Rivian Tires: Why Your 7,000-Pound EV Ships on the Wrong Rubber (And What to Do About It)

The Weight Nobody Warned You About

You bought a Rivian. You love it. The torque is absurd. The gear tunnel is a party trick. The quad motors do things on trails that make Jeep owners look twice.

But here's something Rivian doesn't lead with: your truck weighs as much as an F-250. And it's riding on tires that were designed for something half that weight.

The R1T tips the scales at 6,870 to 7,148 lbs -- empty. No gear, no passengers, no rooftop tent. The R1S is right there with it at 6,671 to 6,920. Load them up for a trail day and you're pushing toward the GVWR of 8,532 lbs. That puts the Rivian in EPA weight class 2b -- the same bracket as Ford Super Dutys and Chevy 2500s.

Those trucks come from the factory on LT tires rated for the punishment. Your Rivian comes on Euro-metric Pirellis.

That's not necessarily a problem. But it's a problem you need to understand before you air down.

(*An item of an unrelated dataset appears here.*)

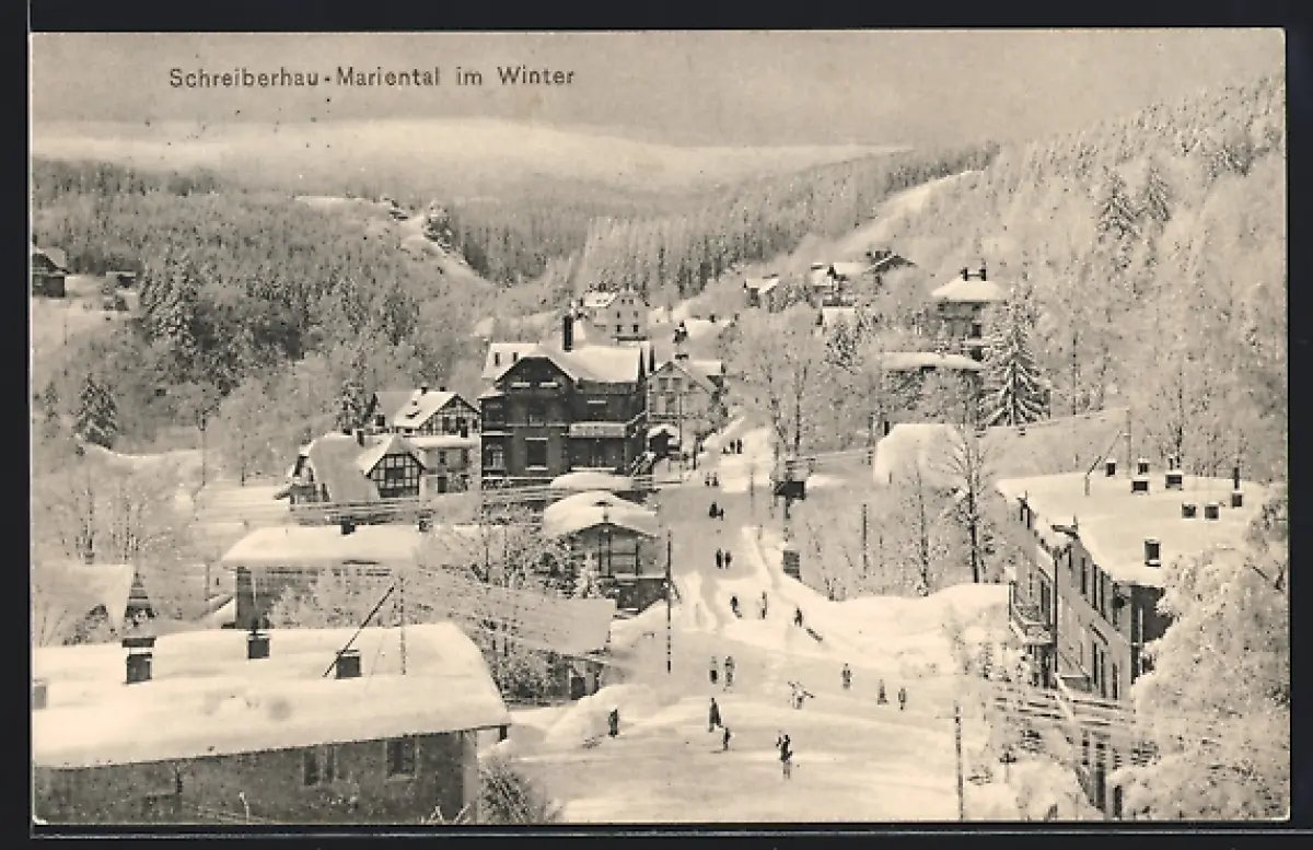 AK Schreiberhau-Mariental, Ortsansicht im Winter

What's Actually on Your Rivian Right Now

Every Rivian that rolled off the Normal, Illinois line ships on Pirelli Scorpion tires. The exact model depends on your wheel size and generation.

Gen 1 (2022--2024)

Wheel Size Tire Size Load Index Type
20" Pirelli Scorpion All Terrain Plus 275/65R20 116 Euro-metric XL
21" Pirelli Scorpion Verde 275/55R21 116 Euro-metric XL
22" Pirelli Scorpion Zero 275/50R22 116 Euro-metric XL

Gen 2 (2025--2026)

Wheel Size Tire Size Load Index Type
20" Pirelli Scorpion AT+ or Goodyear Wrangler Territory AT 275/65R20 or 275/60R20 116 Euro-metric XL
21" Pirelli Scorpion Verde 275/55R21 116 Euro-metric XL
22" Pirelli Scorpion Zero or Michelin Pilot Sport S5 275/50R22 116 Euro-metric XL (staggered on S5)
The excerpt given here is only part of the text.